### Exercise prompt
Given the material below, output exactly the lines from the line with "보글보글 한참 끓인다." to the line with "Kaarilukko kuljetustelineellä. Master", both ends included, and no other lines.

### Information shown
+++++

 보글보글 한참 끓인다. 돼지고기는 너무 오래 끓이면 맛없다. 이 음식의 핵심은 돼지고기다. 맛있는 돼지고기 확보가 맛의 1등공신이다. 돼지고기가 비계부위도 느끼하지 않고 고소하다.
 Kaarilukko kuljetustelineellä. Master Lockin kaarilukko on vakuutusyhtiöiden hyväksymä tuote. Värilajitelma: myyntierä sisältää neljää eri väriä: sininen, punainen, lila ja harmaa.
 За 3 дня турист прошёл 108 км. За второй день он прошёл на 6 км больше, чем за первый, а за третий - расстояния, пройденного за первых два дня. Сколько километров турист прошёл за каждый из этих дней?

+++++

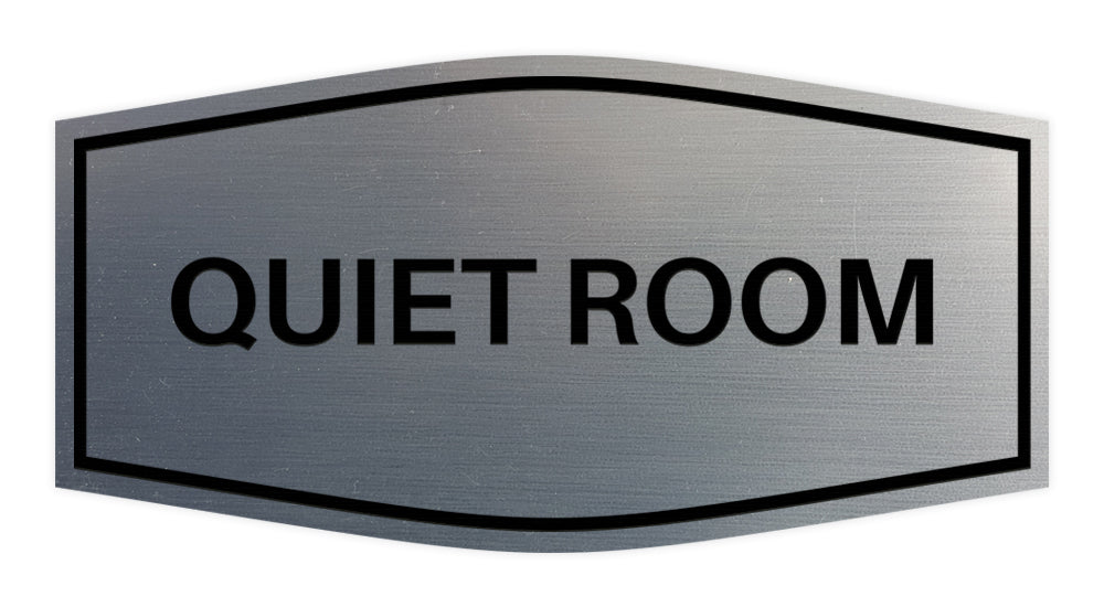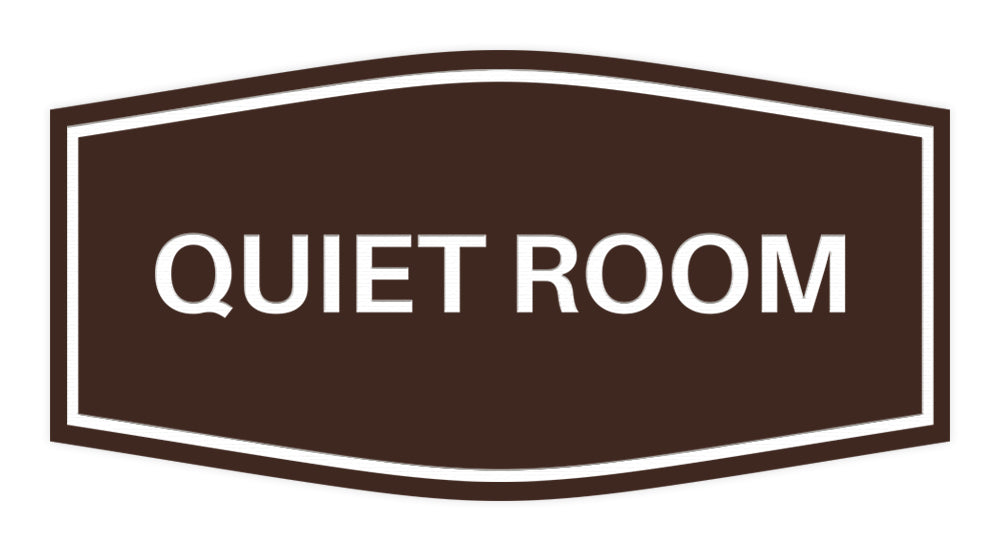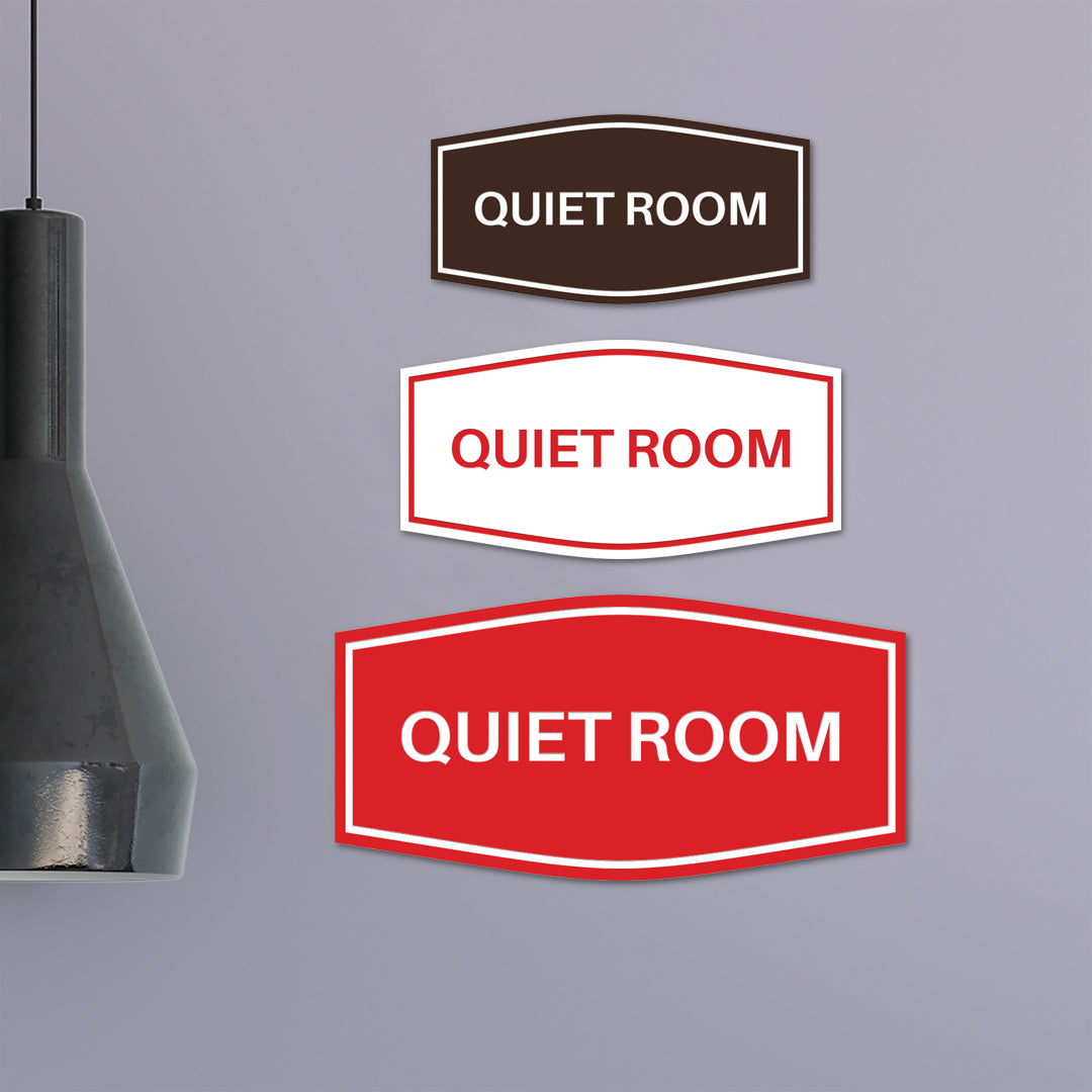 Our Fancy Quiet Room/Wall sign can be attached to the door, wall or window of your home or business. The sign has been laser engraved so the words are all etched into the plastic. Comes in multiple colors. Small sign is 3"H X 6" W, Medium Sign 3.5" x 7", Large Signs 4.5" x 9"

+++++

### Result for this exercise
 보글보글 한참 끓인다. 돼지고기는 너무 오래 끓이면 맛없다. 이 음식의 핵심은 돼지고기다. 맛있는 돼지고기 확보가 맛의 1등공신이다. 돼지고기가 비계부위도 느끼하지 않고 고소하다.
 Kaarilukko kuljetustelineellä. Master Lockin kaarilukko on vakuutusyhtiöiden hyväksymä tuote. Värilajitelma: myyntierä sisältää neljää eri väriä: sininen, punainen, lila ja harmaa.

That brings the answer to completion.